● Exercise aim:
Copy task. Retype the whole listing exactly, omitting any picture in it.

-------- The data

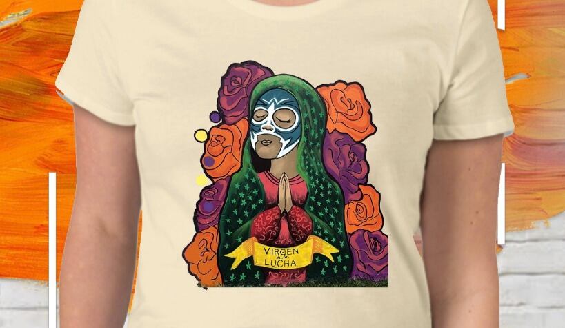 La "Virgen de la lucha" que fue pintada en un mural en la sede de la Comisión Internacional contra la Impunidad en Guatemala (CICIG) se convirtió en playera y está a la venta a través de redes sociales.
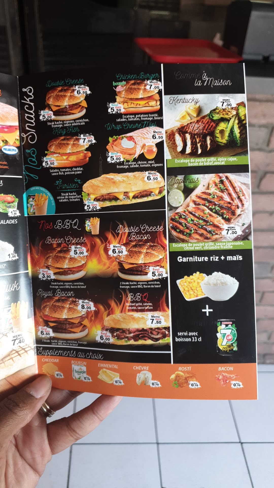 Service très rapide et une carte riche (burger, kebab, poulet frit, nuggets) !
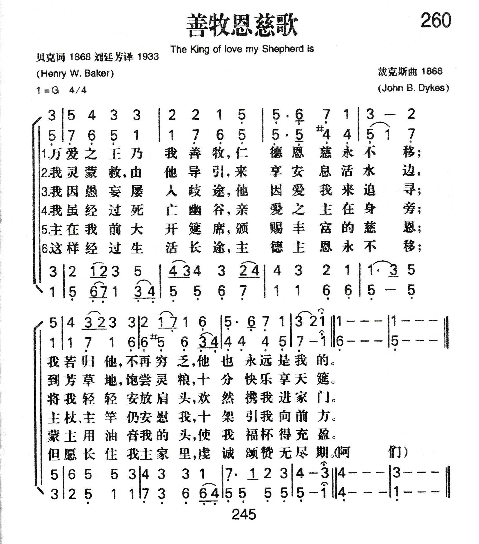 贝克将基督乃善牧的形像 (约l0:1—5,11、14一18)以及约翰所载救主乃神大爱的化身 (约15:9一l 4;约壹4:8一11)天衣无缝地结合到他的诗中来。如称耶和华为“万爱之王”,称“耶和华的殿”为“我主家里”等等。该诗三、四两节更具体表现善牧耶稣与信徒的密切关系。他在弥留之际,仍不断低声默吟:
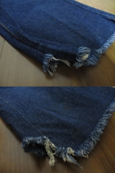 | 商品説明 | ●自己紹介欄ご覧ください。24時間以内に商品送付先のご連絡、3日以内にお支払厳守が取引条件になります。厳守できない方、即落札者削除とブラックリスト登録します。ご了承ください。 ●サイズ:W32 ●実寸(素人採寸になりますので、多少の誤差はご了承下さい):ウエスト(平置き):約39cm、総丈(前面の裾最長部まで):約58cm、股下(裾最長部まで):約31cm、裾幅:約22cm ●カラー:インディゴ ●素材:コットン ●アメリカ製 ●中古品です。着用に伴う若干の使用感、小汚れ、薄汚れがございますが、ご使用に問題となる大きなダメージはございません。カットオフの仕方がアバウトなため、前後の丈が若干異なりますその他状態等は画像でご確認ください。 ●自己紹介、注意事項をご覧の上、納得し、画像、商品説明で商品を理解できる方のみご検討ください。中古、年代物古着に理解のない方の入札はお断りします。 ●0524 | |

----------------

● Answer space:
 La "Virgen de la lucha" que fue pintada en un mural en la sede de la Comisión Internacional contra la Impunidad en Guatemala (CICIG) se convirtió en playera y está a la venta a través de redes sociales.
 Service très rapide et une carte riche (burger, kebab, poulet frit, nuggets) !
 贝克将基督乃善牧的形像 (约l0:1—5,11、14一18)以及约翰所载救主乃神大爱的化身 (约15:9一l 4;约壹4:8一11)天衣无缝地结合到他的诗中来。如称耶和华为“万爱之王”,称“耶和华的殿”为“我主家里”等等。该诗三、四两节更具体表现善牧耶稣与信徒的密切关系。他在弥留之际,仍不断低声默吟:
 | 商品説明 | ●自己紹介欄ご覧ください。24時間以内に商品送付先のご連絡、3日以内にお支払厳守が取引条件になります。厳守できない方、即落札者削除とブラックリスト登録します。ご了承ください。 ●サイズ:W32 ●実寸(素人採寸になりますので、多少の誤差はご了承下さい):ウエスト(平置き):約39cm、総丈(前面の裾最長部まで):約58cm、股下(裾最長部まで):約31cm、裾幅:約22cm ●カラー:インディゴ ●素材:コットン ●アメリカ製 ●中古品です。着用に伴う若干の使用感、小汚れ、薄汚れがございますが、ご使用に問題となる大きなダメージはございません。カットオフの仕方がアバウトなため、前後の丈が若干異なりますその他状態等は画像でご確認ください。 ●自己紹介、注意事項をご覧の上、納得し、画像、商品説明で商品を理解できる方のみご検討ください。中古、年代物古着に理解のない方の入札はお断りします。 ●0524 | |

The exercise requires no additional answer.